In order to conjugate an い adjective into the affirmative past tense, you must drop the final い symbol and add かったですto the end. For example, おもしろい would become おもしろかったです. This would mean that something in the past was interesting. You could say “That movie was interesting,” by saying そのえいがはおもしろかったです.

For the past tense negative, you must drop the final い and add く. After く, you need to add ありませんでした. Notice how theです in the affirmative changes to でした (the past tense of です). This occurs even though both phrases are in the past tense. If you wanted to say “That movie was not interesting,” you could say そのえいがはおもしろくありませんでした.

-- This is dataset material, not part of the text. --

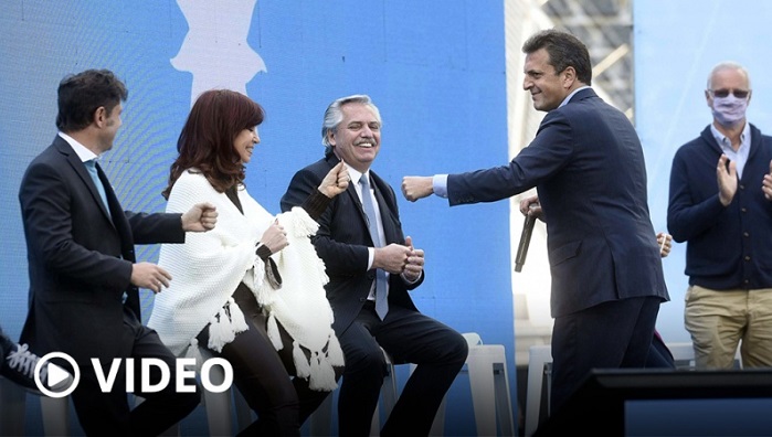 El Frente de Todos reivindicó el «compromiso con el bienestar del pueblo». «Hagamos el país que nos merecemos», exhortó el Presidente y enumeró la herencia dejada por el gobierno de Cambiemos para mostrar las dos caras de la moneda. Discursos completos de Alberto y Cristina.

To make the affirmative past tense form of a な adjective, you first need to drop the な ending. After this, simply add でした. Likewise, for the negative past tense form, drop the な ending first. Then, add じゃありませんでした. Take きれいな as an example. You could say “That town was pretty,” by saying そのまちはきれいでした. You could also say “That town was not pretty,” by saying そのまちはきれいじゃありませんでした.

Irregular Adjectives

The only irregular adjective you really need to worry about is いい. When you conjugate this into the past affirmative form, you must change いい to よかったです. When conjugating いい into the past negative form, you must change いい to よくありませんでした. This adjective does not follow any established patterns, so you will just have to memorize it.

Talking About Likes and Dislikes

There is a specific adjective for “like” and also an adjective for “dislike.” すきな is “like” and きらいな is “dislike.”

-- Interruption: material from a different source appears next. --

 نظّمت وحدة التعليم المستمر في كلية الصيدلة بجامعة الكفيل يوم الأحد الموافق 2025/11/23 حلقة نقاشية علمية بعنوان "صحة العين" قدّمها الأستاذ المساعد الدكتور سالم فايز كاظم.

The sentence structure for talking about your likes and dislikes is like this:

X は Y がすきです.

In the above structure, すき can be replaced with きらい. The subject is not necessary if you are talking about yourself, but if you are referring to someone else’s likes and dislikes, you can add a subject. It is important to remember that すき and きらい always use が as their particle.

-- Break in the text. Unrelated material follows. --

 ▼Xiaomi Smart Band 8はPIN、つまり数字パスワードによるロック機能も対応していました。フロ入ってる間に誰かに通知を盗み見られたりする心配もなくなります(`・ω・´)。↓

You can also amp up these two adjectives by adding だい in front of the word. This changes “like” to “really like” or even “love” whereas “dislike” changes to “hate.”

だいすきです= to really like something, or love something

だいきらいです = to hate something


Practice I

Conjugate the following い adjectives into the past affirmative and past negative forms.

  1. おもしろい
  2. いそがしい
  3. あたらしい
  4. おおきい
  5. あつい
  6. さむい
  7. こわい
  8. ちいさい
  9. たのしい
  10. むずかしい

Practice II

Conjugate the following な and irregular adjectives into the past affirmative and past negative forms.

  1. げんきな
  2. きれいな
  3. きらいな
  4. ひまな
  5. しずかな
  6. にぎやかな
  7. いい

Answer Key

Practice I

  1. おもしろかったです おもしろくありませんでした
  2. いそがしかったです いそがしくありませんでした
  3. あたらしかったです あたらしくありませんでした
  4. おおきかったです おおきくありませんでした
  5. あつかったです あつくありませんでした
  6. さむかったです さむくありませんでした
  7. こわかったです こわくありませんでした
  8. ちいさかったです ちいさくありませんでした
  9. たのしかったです たのしくありませんでした
  10. むずかしかったです むじかしくありませんでした

Practice II

  1. げんきでした げんきじゃありませんでした
  2. きれいでした きれいじゃありませんでした
  3. きらいでした きらいじゃありませんでした
  4. ひまでした ひまじゃありませんでした
  5. しずかでした しずかじゃありませんでした
  6. にぎやかでした にぎやかじゃありませんでした
  7. よかったです よくありませんでした

Lesson 23: Kanji Part 3

Lessons 17 and 20 focused on teaching you some kanji characters. This lesson will serve as a follow up to those lessons and help you add more kanji to your vocabulary. Keep in mind that you should review the previous kanji lessons—this will help you keep those kanji fresh in your mind, even if you are not using them right away. Kanji is definitely necessary for serious students of Japanese! Keep practicing until you learn all of these new kanji, but remember to refresh your memory on the older kanji as well!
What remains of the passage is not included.